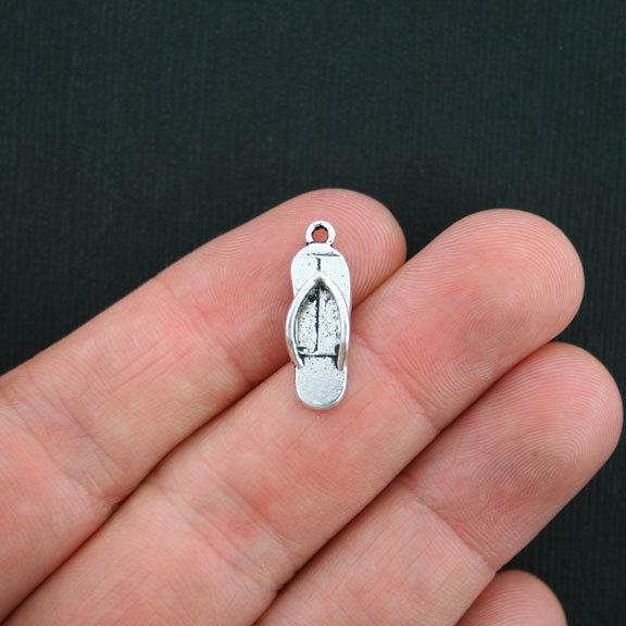 Flipflop sandal shoe antique silver tone charms, in a zinc alloy metal.
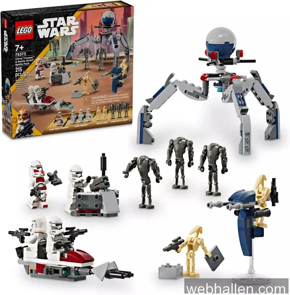 Vi följer 5 aktiva butiker för LEGO Star Wars Clone Trooper & Battle Droid Battle Pack 75372. Lägsta noterade pris just nu är 269 kr. Senaste uppdatering: 11 apr. 2026 14:22.
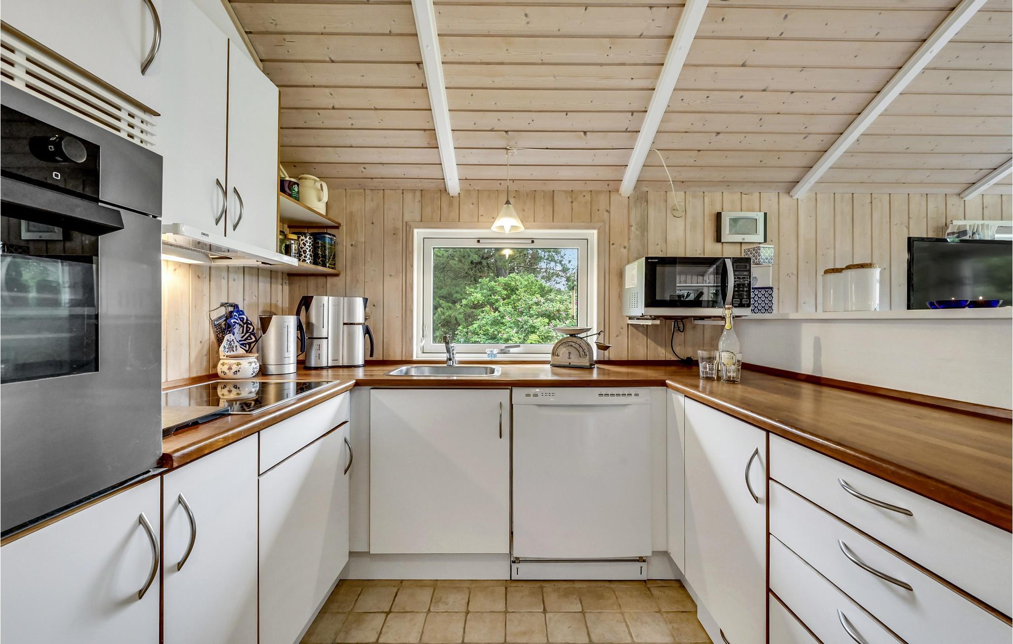Huset består af 3 soveværelse,r 1 badeværelse med gulvvarme ogspabad, en hyggelig og rummelig opholdsstue samt et åbent køkken med spiseplads. Køkkenet er veludstyret med blandt andet kaffemaskine, opvaskemaskine og mikroovn. I opholdsstuen står der en motionscykel, så man kan få klaret dagens træning mens man ser TV eller nyder udsigten til en smukke naturgrund. Udendørs finder I en delvist overdækket terrasse med havemøbler og grill, så I let kan samle familien til hyggelige grillaftener.

▬▬▬▬▬▬

> [What you need to do] Repeat the lines of the listing above verbatim, beginning at its first line and ending at the line containing "Vi följer 5", which is included. Omit pictures.

> [The answer]
 Flipflop sandal shoe antique silver tone charms, in a zinc alloy metal.
 Vi följer 5 aktiva butiker för LEGO Star Wars Clone Trooper & Battle Droid Battle Pack 75372. Lägsta noterade pris just nu är 269 kr. Senaste uppdatering: 11 apr. 2026 14:22.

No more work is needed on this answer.